#### MATERIAL PROVIDED

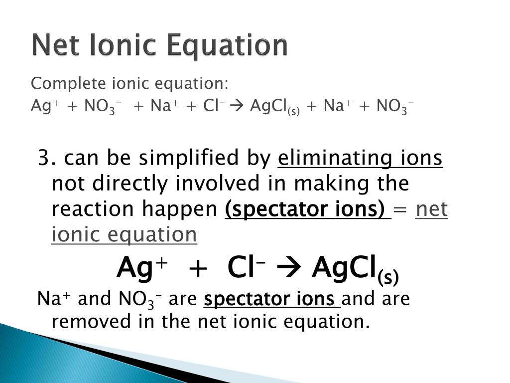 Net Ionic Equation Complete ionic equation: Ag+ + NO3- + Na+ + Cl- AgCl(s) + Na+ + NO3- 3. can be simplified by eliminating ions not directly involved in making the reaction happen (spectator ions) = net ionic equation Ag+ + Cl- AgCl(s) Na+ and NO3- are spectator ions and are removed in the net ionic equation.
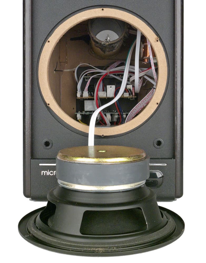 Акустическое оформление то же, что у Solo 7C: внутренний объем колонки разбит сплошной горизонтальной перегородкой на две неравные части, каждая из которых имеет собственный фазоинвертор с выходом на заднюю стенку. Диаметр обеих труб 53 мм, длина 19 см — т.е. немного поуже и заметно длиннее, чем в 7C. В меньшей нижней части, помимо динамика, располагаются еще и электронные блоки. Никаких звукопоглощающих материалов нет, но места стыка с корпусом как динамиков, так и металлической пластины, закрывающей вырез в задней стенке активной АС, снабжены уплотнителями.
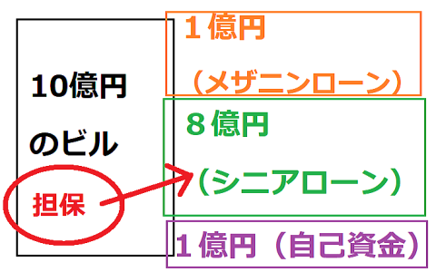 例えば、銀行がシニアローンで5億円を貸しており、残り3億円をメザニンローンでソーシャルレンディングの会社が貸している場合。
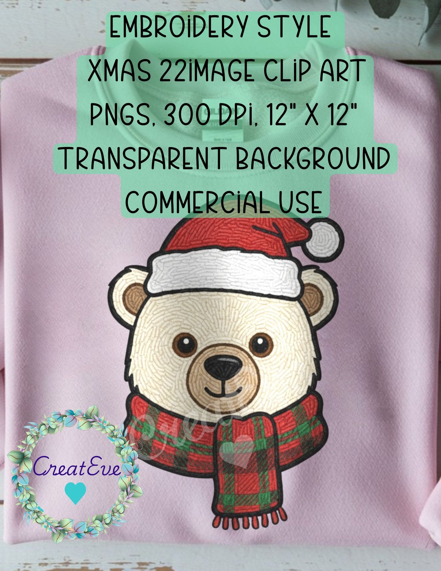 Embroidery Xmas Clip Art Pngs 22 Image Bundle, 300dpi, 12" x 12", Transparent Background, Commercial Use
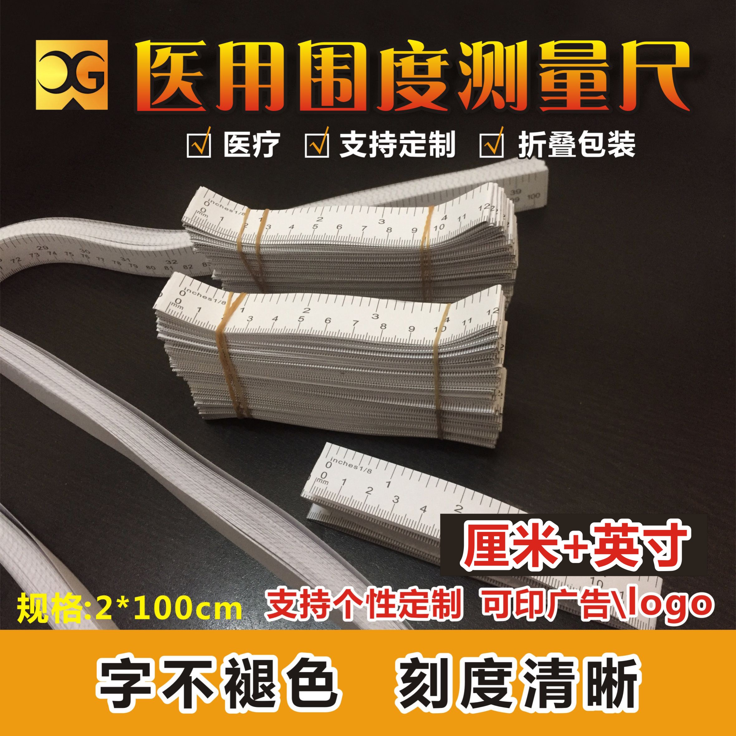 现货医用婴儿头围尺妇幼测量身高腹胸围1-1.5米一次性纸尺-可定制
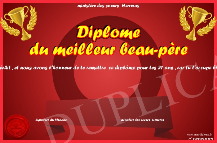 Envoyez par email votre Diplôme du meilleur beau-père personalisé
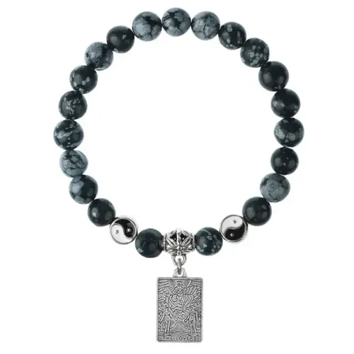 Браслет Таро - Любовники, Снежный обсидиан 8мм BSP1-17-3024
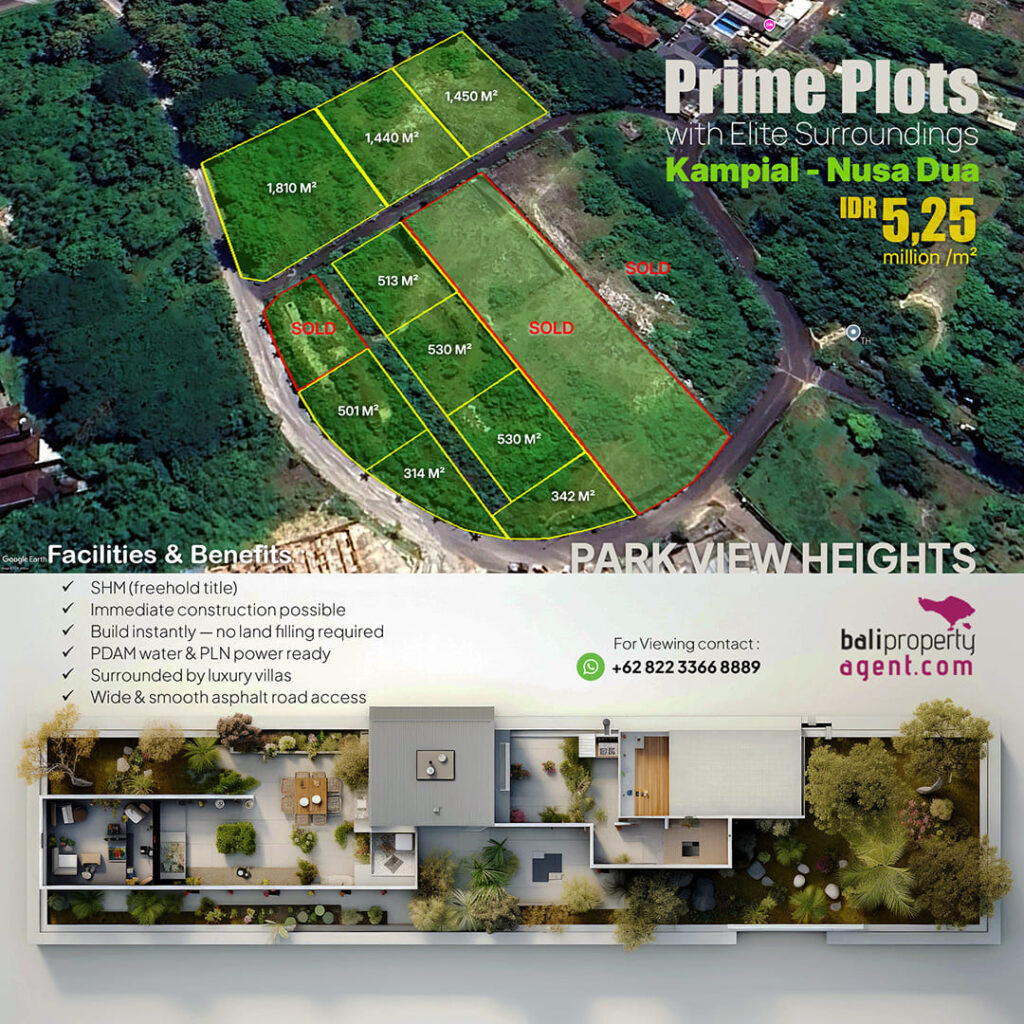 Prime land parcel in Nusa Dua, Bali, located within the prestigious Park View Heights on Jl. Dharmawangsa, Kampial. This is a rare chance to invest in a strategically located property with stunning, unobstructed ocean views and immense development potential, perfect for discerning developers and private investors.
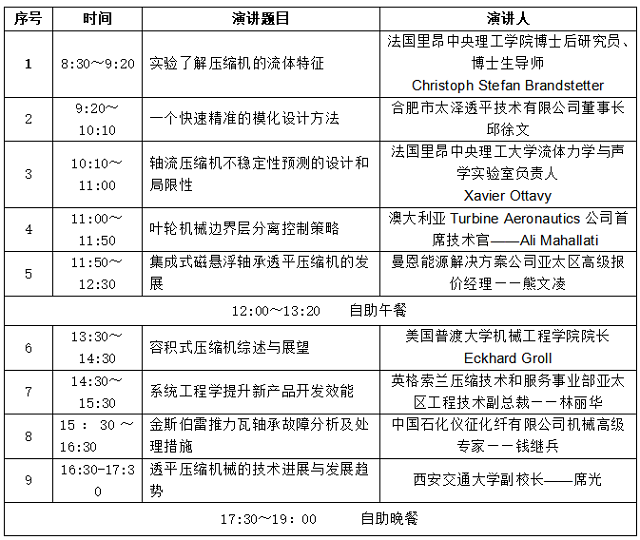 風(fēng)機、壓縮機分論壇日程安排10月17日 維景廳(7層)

########

■ ASSIGNMENT ■
For this exercise, transcribe the data exactly but without its pictures.

■ REPLY ■
 Net Ionic Equation Complete ionic equation: Ag+ + NO3- + Na+ + Cl- AgCl(s) + Na+ + NO3- 3. can be simplified by eliminating ions not directly involved in making the reaction happen (spectator ions) = net ionic equation Ag+ + Cl- AgCl(s) Na+ and NO3- are spectator ions and are removed in the net ionic equation.
 Акустическое оформление то же, что у Solo 7C: внутренний объем колонки разбит сплошной горизонтальной перегородкой на две неравные части, каждая из которых имеет собственный фазоинвертор с выходом на заднюю стенку. Диаметр обеих труб 53 мм, длина 19 см — т.е. немного поуже и заметно длиннее, чем в 7C. В меньшей нижней части, помимо динамика, располагаются еще и электронные блоки. Никаких звукопоглощающих материалов нет, но места стыка с корпусом как динамиков, так и металлической пластины, закрывающей вырез в задней стенке активной АС, снабжены уплотнителями.
 例えば、銀行がシニアローンで5億円を貸しており、残り3億円をメザニンローンでソーシャルレンディングの会社が貸している場合。
 Embroidery Xmas Clip Art Pngs 22 Image Bundle, 300dpi, 12" x 12", Transparent Background, Commercial Use
 现货医用婴儿头围尺妇幼测量身高腹胸围1-1.5米一次性纸尺-可定制
 Envoyez par email votre Diplôme du meilleur beau-père personalisé
 Браслет Таро - Любовники, Снежный обсидиан 8мм BSP1-17-3024
 Prime land parcel in Nusa Dua, Bali, located within the prestigious Park View Heights on Jl. Dharmawangsa, Kampial. This is a rare chance to invest in a strategically located property with stunning, unobstructed ocean views and immense development potential, perfect for discerning developers and private investors.
 風(fēng)機、壓縮機分論壇日程安排10月17日 維景廳(7層)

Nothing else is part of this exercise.